Exercise objective: Please repeat each line below exactly, with no images in the copy.

Supplied information:
____________________
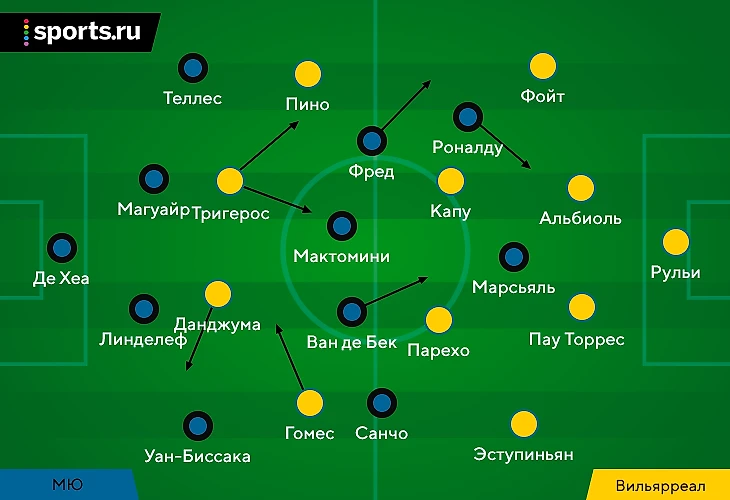 Оценить схему-трансформер полноценно не удалось. В первом тайме «МЮ» почти не переходил с мячом на половину «Вильярреала» – на чужой трети поля сделали только 35 передач. Если мяч и переходил к «Юнайтед», то, как правило, это были попытки пройти прессинг хозяев. Полноценно закрепиться в атаке у гостей не получалось.
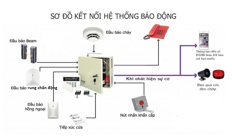 Giúp bộ phận quản lý phụ trách bật tắt trung tâm báo động từ xa khi xảy ra báo động loa hú đèn chớp
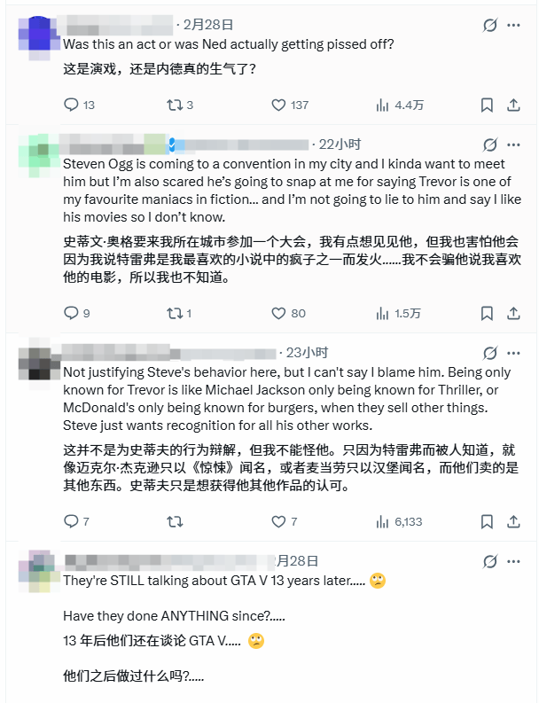 对此,玩家社区的看法呈现两极分化。支持Ned Luke的一方认为,既然依靠该角色获得知名度并出席活动获利,理应至少深入了解作品内涵,批评Steven Ogg“一边赚取出场费,一边贬低游戏载体”。而挺Steven Ogg的声音则指出,演员的核心职责是表演,不应强制要求其成为玩家,他更希望被视作专业艺人而非仅仅是一个游戏角色的符号。更有不少网友调侃,这两人的现实互动完美复刻了游戏中麦克与崔佛那种相爱相杀的关系,甚至有人戏称期待在《三男一狗2》问世前看到更多类似的现场交锋。截至目前,双方尚未就此事发表正式声明,但围绕角色、演员以及游戏态度的争论,在作品发售13年后依然热度不减。
____________________
Answer to this problem:
 Оценить схему-трансформер полноценно не удалось. В первом тайме «МЮ» почти не переходил с мячом на половину «Вильярреала» – на чужой трети поля сделали только 35 передач. Если мяч и переходил к «Юнайтед», то, как правило, это были попытки пройти прессинг хозяев. Полноценно закрепиться в атаке у гостей не получалось.
 Giúp bộ phận quản lý phụ trách bật tắt trung tâm báo động từ xa khi xảy ra báo động loa hú đèn chớp
 对此,玩家社区的看法呈现两极分化。支持Ned Luke的一方认为,既然依靠该角色获得知名度并出席活动获利,理应至少深入了解作品内涵,批评Steven Ogg“一边赚取出场费,一边贬低游戏载体”。而挺Steven Ogg的声音则指出,演员的核心职责是表演,不应强制要求其成为玩家,他更希望被视作专业艺人而非仅仅是一个游戏角色的符号。更有不少网友调侃,这两人的现实互动完美复刻了游戏中麦克与崔佛那种相爱相杀的关系,甚至有人戏称期待在《三男一狗2》问世前看到更多类似的现场交锋。截至目前,双方尚未就此事发表正式声明,但围绕角色、演员以及游戏态度的争论,在作品发售13年后依然热度不减。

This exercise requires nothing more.